:: Provided information ::
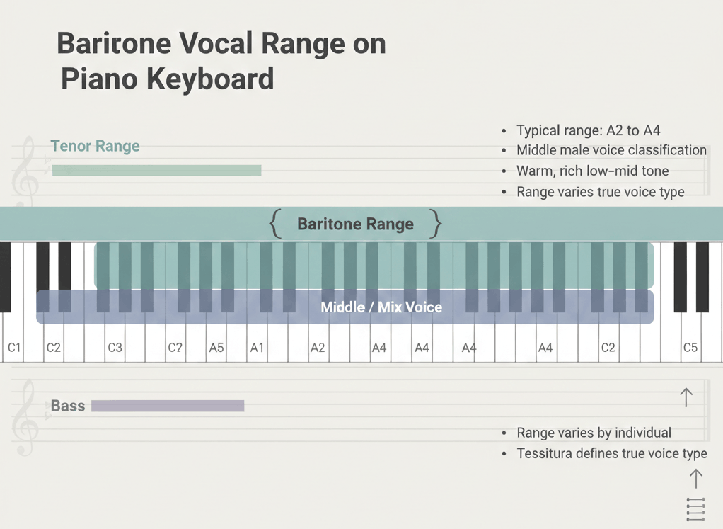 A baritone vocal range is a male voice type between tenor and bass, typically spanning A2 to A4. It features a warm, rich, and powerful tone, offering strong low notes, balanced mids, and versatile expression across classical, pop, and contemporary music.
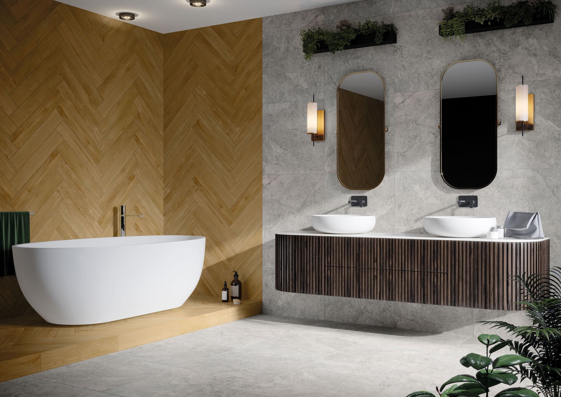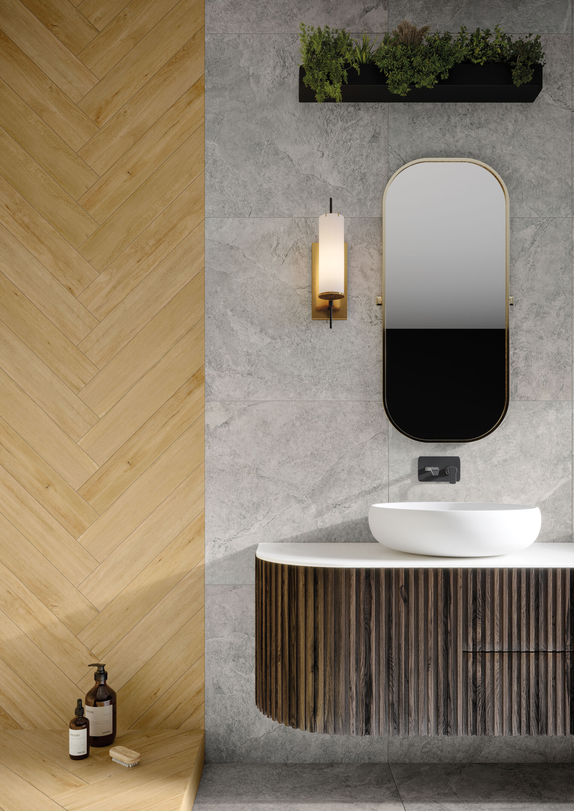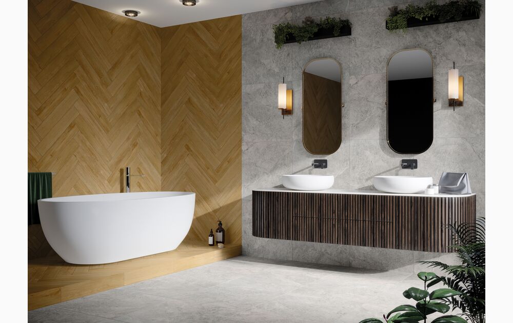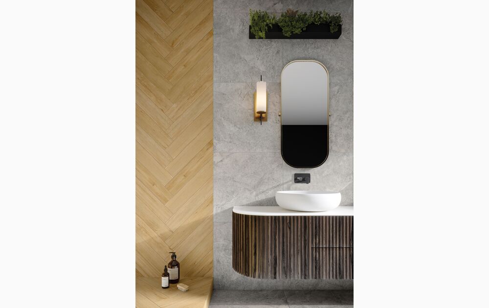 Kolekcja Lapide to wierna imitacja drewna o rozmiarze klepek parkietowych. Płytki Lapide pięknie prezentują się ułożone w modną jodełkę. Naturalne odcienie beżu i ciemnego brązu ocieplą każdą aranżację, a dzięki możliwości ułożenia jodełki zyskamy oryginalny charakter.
:::
:: Provided information ::
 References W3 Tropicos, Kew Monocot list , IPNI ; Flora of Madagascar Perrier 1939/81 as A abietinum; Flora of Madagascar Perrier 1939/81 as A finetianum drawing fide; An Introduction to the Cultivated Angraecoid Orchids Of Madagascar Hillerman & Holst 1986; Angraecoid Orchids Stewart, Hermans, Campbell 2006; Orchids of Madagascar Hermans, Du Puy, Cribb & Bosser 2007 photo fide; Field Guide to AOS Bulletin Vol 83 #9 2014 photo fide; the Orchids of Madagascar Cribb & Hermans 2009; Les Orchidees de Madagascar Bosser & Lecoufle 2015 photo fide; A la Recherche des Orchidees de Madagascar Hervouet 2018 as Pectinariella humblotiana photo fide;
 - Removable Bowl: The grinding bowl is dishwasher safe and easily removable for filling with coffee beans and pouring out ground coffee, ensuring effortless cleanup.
:::
## Assignment
What's needed is an exact copy of the lines above from the one with "A baritone vocal" through the one with "Kolekcja Lapide to", both included; the pictures stay out.

## Response to the task
 A baritone vocal range is a male voice type between tenor and bass, typically spanning A2 to A4. It features a warm, rich, and powerful tone, offering strong low notes, balanced mids, and versatile expression across classical, pop, and contemporary music.
 Kolekcja Lapide to wierna imitacja drewna o rozmiarze klepek parkietowych. Płytki Lapide pięknie prezentują się ułożone w modną jodełkę. Naturalne odcienie beżu i ciemnego brązu ocieplą każdą aranżację, a dzięki możliwości ułożenia jodełki zyskamy oryginalny charakter.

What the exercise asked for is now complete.